William Kwenkeu

Profile
- Position: Linebacker

Personal information
- Born: January 8, 1997 (age 29) Douala, Cameroon
- Listed height: 6 ft 1 in (1.85 m)
- Listed weight: 235 lb (107 kg)

Career information
- High school: St. Charles (MD)
- College: Temple (2016–2021)
- NFL draft: 2022: undrafted

Career history
- Minnesota Vikings (2022–2023); Baltimore Ravens (2024–2025)*;
- * Offseason or practice squad member only

Career NFL statistics
- Total tackles: 2
- Stats at Pro Football Reference

= William Kwenkeu =

Cameroonian-American football player (born 1997)

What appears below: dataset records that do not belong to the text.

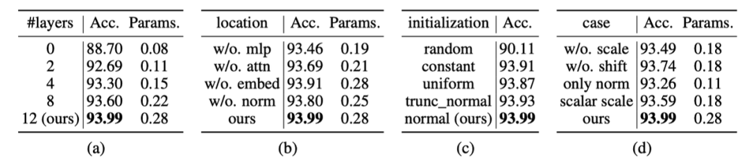 表四:不同设计的影响。(a) 层数的影响 (b) 不同插入位置的影响 (c) 初始化的影响 (d) 不同组件的影响
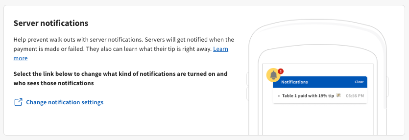 Menu item reviews, POS notifications, tip settings, and the restaurant logo at the top of the guest experience can all be configured. See more details in the section.
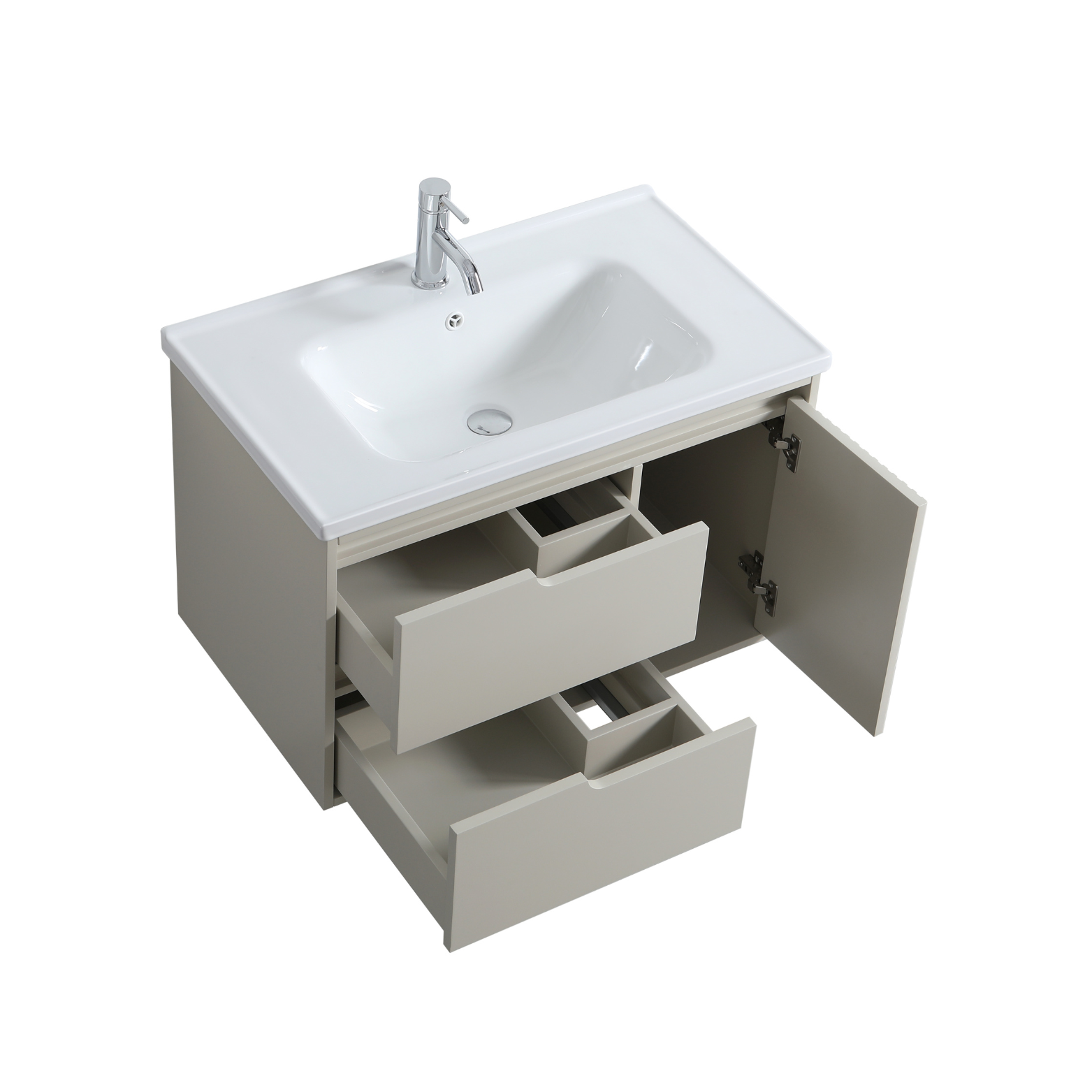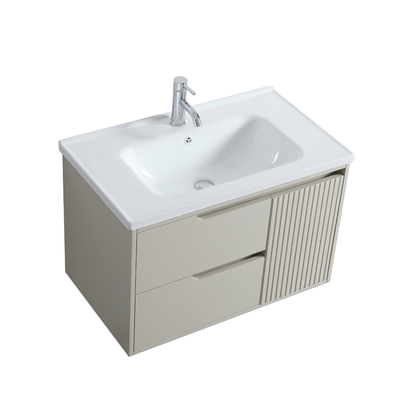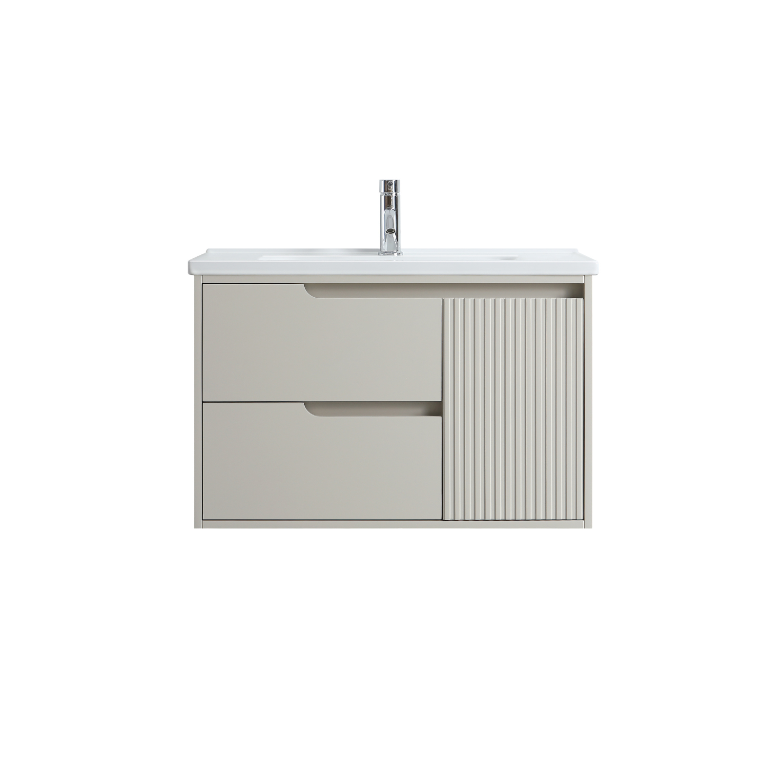 Wall mount 30 inch greige colour vanity with single built-in ceramic countertop.
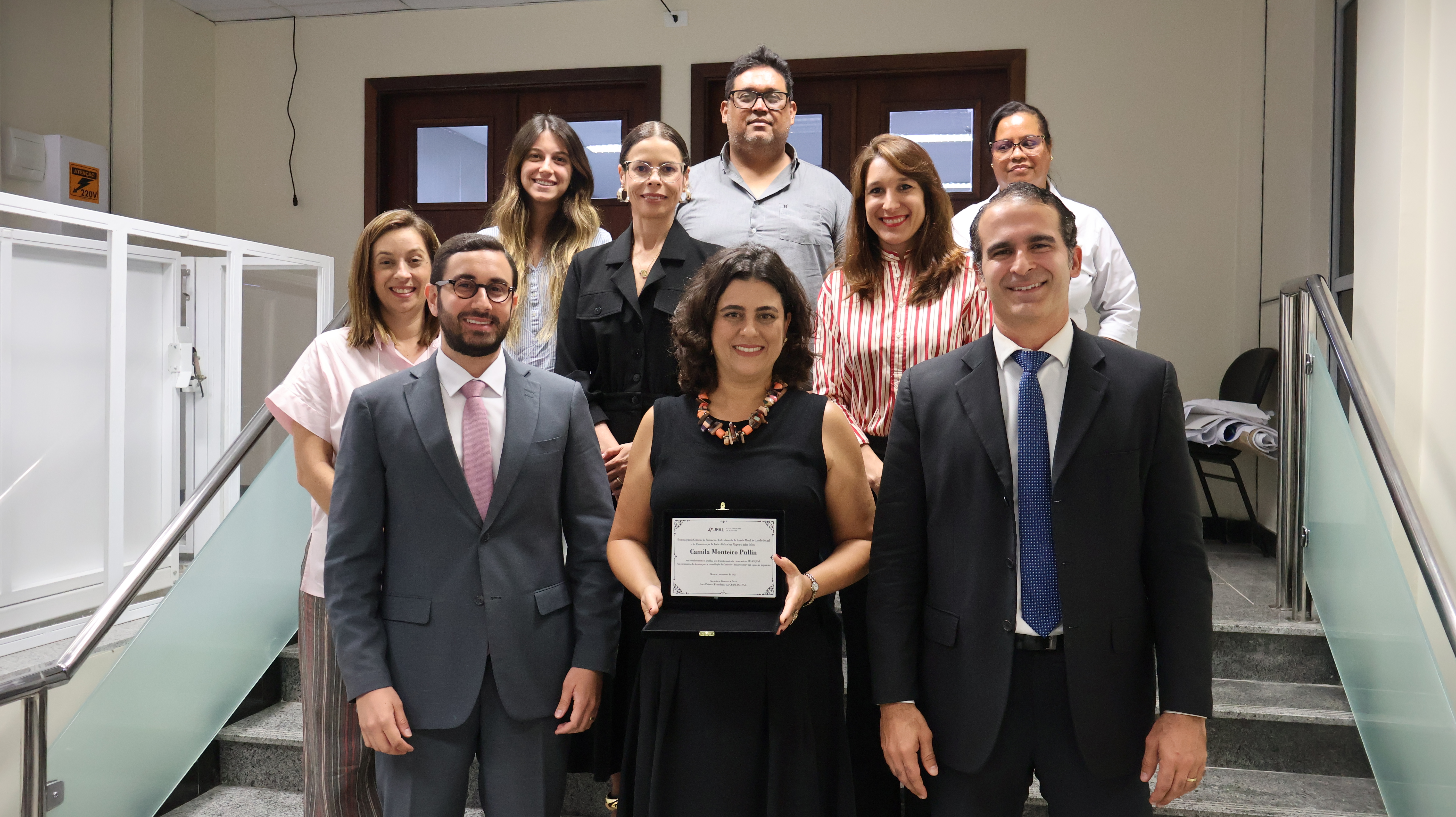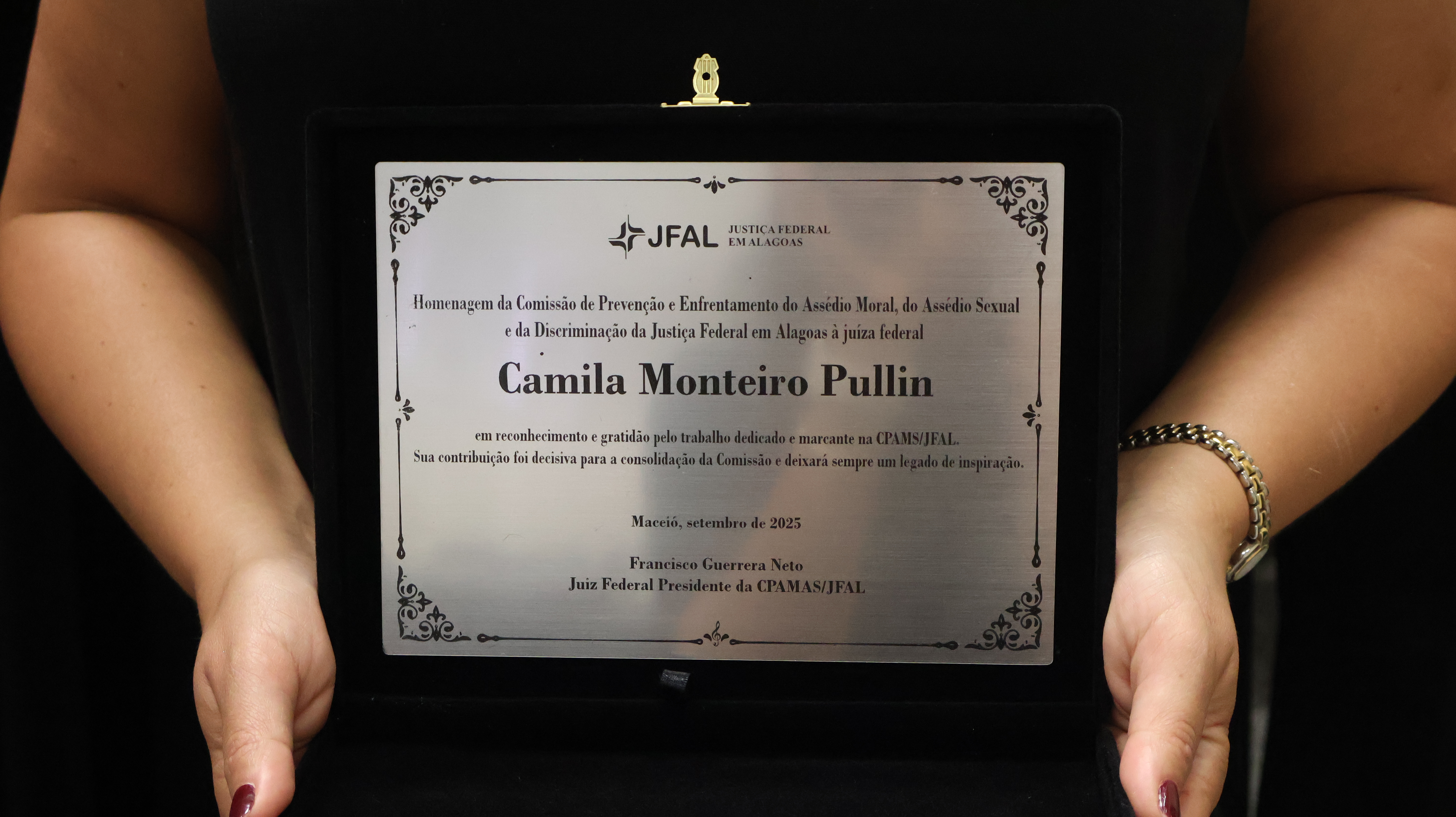 A juíza federal Camila Monteiro Pullin foi homenageada nesta quarta-feira, 29 de outubro, na sede da Justiça Federal em Alagoas (JFAL), em reconhecimento aos relevantes serviços prestados à Comissão de Prevenção e Enfrentamento do Assédio e da Discriminação (CPAMAS). A cerimônia marcou o encerramento de sua participação na Comissão, em razão de sua convocação para atuar como juíza auxiliar da Presidência do Conselho Nacional de Justiça (CNJ), na gestão 2025/2027 do ministro Edson Fachin.

William Kwenkeu (born January 8, 1997) is a Cameroonian-American professional football linebacker. He played college football for the Temple Owls and was signed by the Minnesota Vikings of the National Football League (NFL) after going undrafted in the 2022 NFL draft.

==Early life==
Kwenkeu was born in Cameroon in 1997, the son of high-ranking army officer Francois Kwenkeu and Martine Etammane, who named him after Bill Clinton. Kwenkeu attended a Catholic boarding school in Douala until 2012, when Etammane, who had moved to the United States two years earlier and worked as a hair stylist and nursing assistant, earned enough money to bring her son over. While attending McDonough High School, Kwenkeu tried out for the football team as a sophomore, and excelled despite initially not knowing the game's rules. He transferred to St. Charles High School in 2014, where he played running back, linebacker, placekicker, punter, and returner. In 2016, Kwenkeu became the first athlete from St. Charles to play in the NCAA when he accepted a football scholarship from Temple University.

==College career==
Kwenkeu spent six seasons playing linebacker for the Temple Owls due to redshirting one year and the extra year of eligibility the NCAA accorded to student-athletes whose careers were interrupted by the COVID-19 pandemic. He recorded his first two sacks as a college player during the 2017 Gasparilla Bowl, which helped the Owls to a 28–3 victory. Kwenkeu became a regular starter in 2020, and had a breakout season in 2021. He scored his first college touchdown that year on a fumble return against the Akron Zips in a game where he also had two sacks and 2.5 tackles for loss, a performance that resulted in him winning an American Athletic Conference Defensive Player of the Week award. In his final year, Kwenkeu totaled 51 tackles, three sacks, and one fumble each forced and recovered. In his college career in total, he played in 47 games, during which he recorded 183 tackles and seven sacks.

==Professional career==

Pre-draft measurables
| Height | Weight | Arm length | Hand span | 40-yard dash | 10-yard split | 20-yard split | 20-yard shuttle | Three-cone drill | Vertical jump | Broad jump | Bench press |
| 6 ft 0+1⁄8 in (1.83 m) | 221 lb (100 kg) | 31+3⁄4 in (0.81 m) | 9+1⁄2 in (0.24 m) | 4.59 s | 1.49 s | 2.67 s | 4.32 s | 6.87 s | 33.5 in (0.85 m) | 9 ft 5 in (2.87 m) | 22 reps |
All values from Pro Day

===Minnesota Vikings===
The Minnesota Vikings signed Kwenkeu on May 16, 2022, after he participated in the team's rookie minicamp. He became the only African-born player on the Minnesota roster, among several other players with African heritage. Kwenkeu was waived by the Vikings at the end of August 2022 as they cut down their roster to 53 players, but was signed to Minnesota's practice squad soon after. He was elevated to the active roster for Minnesota's Thursday Night Football game against the New England Patriots, making him the ninth Cameroonian to play in the NFL. Kwenkeu was also placed on the active roster for the Week 13 game against the New York Jets, and was signed to the active roster on December 14. Kwenkeu played his first snap on defense (rather than special teams) during Minnesota's loss to the Green Bay Packers in Week 17.

On August 13, 2023, he was waived with an injury designation. After clearing waivers, he reverted to the injured reserve list. He was released on March 12, 2024.

===Baltimore Ravens===
On October 1, 2024, the Baltimore Ravens signed Kwenkeu to the practice squad. He signed a reserve/future contract with the Ravens on January 21, 2025. Kwenkeu was waived on August 26, as part of final roster cuts. On December 2, he was re-signed to the practice squad.

==Personal life==
Kwenkeu spoke very little English when he first arrived in the United States at age 14 and has credited football with helping him learn the language. He became an American citizen in 2017.